PROMPT ->
Transcribe only the part of the material below that begins at the line containing "Golden Path Sunlit" and ends at the line containing "1 Разводим ноги", with both kept and images left out.

MATERIAL TO PROCESS ->

◇ ◇ ◇ ◇ ◇

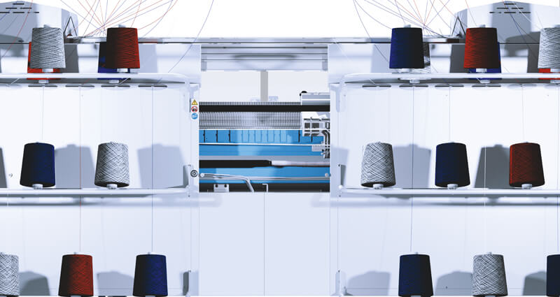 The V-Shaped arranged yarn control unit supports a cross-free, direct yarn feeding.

◇ ◇ ◇ ◇ ◇

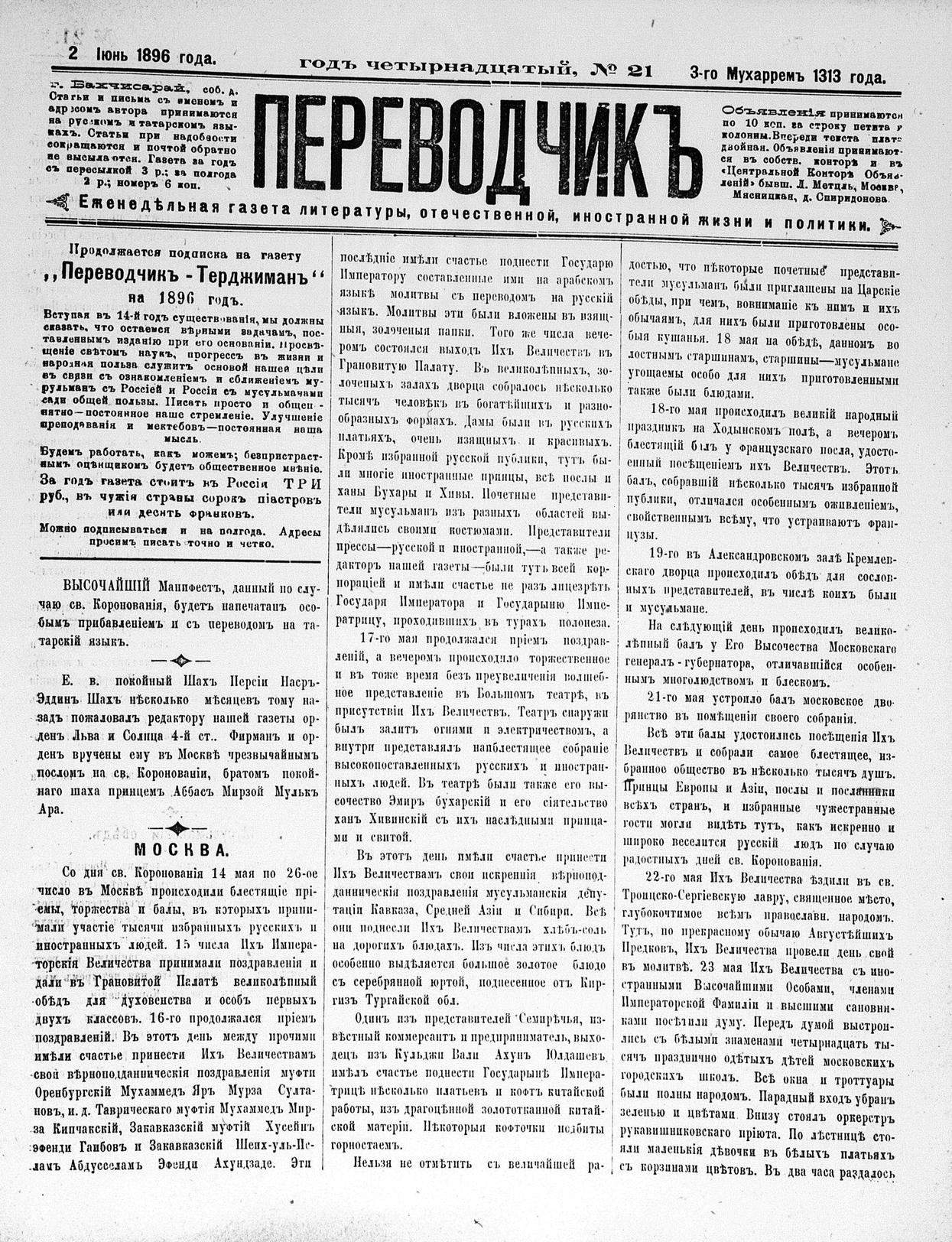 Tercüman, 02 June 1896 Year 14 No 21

◇ ◇ ◇ ◇ ◇

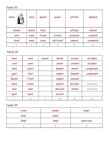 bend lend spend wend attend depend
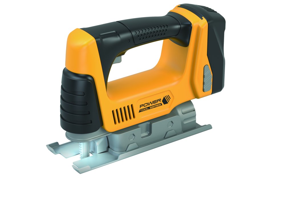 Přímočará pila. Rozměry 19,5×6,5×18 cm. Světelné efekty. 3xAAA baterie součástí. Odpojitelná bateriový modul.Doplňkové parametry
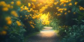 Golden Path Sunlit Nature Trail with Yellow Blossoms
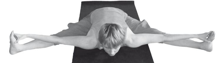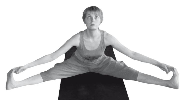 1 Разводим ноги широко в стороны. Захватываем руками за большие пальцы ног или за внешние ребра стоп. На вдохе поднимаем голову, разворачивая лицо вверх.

◇ ◇ ◇ ◇ ◇

SOLUTION FOR THIS TASK ->
 Golden Path Sunlit Nature Trail with Yellow Blossoms
 1 Разводим ноги широко в стороны. Захватываем руками за большие пальцы ног или за внешние ребра стоп. На вдохе поднимаем голову, разворачивая лицо вверх.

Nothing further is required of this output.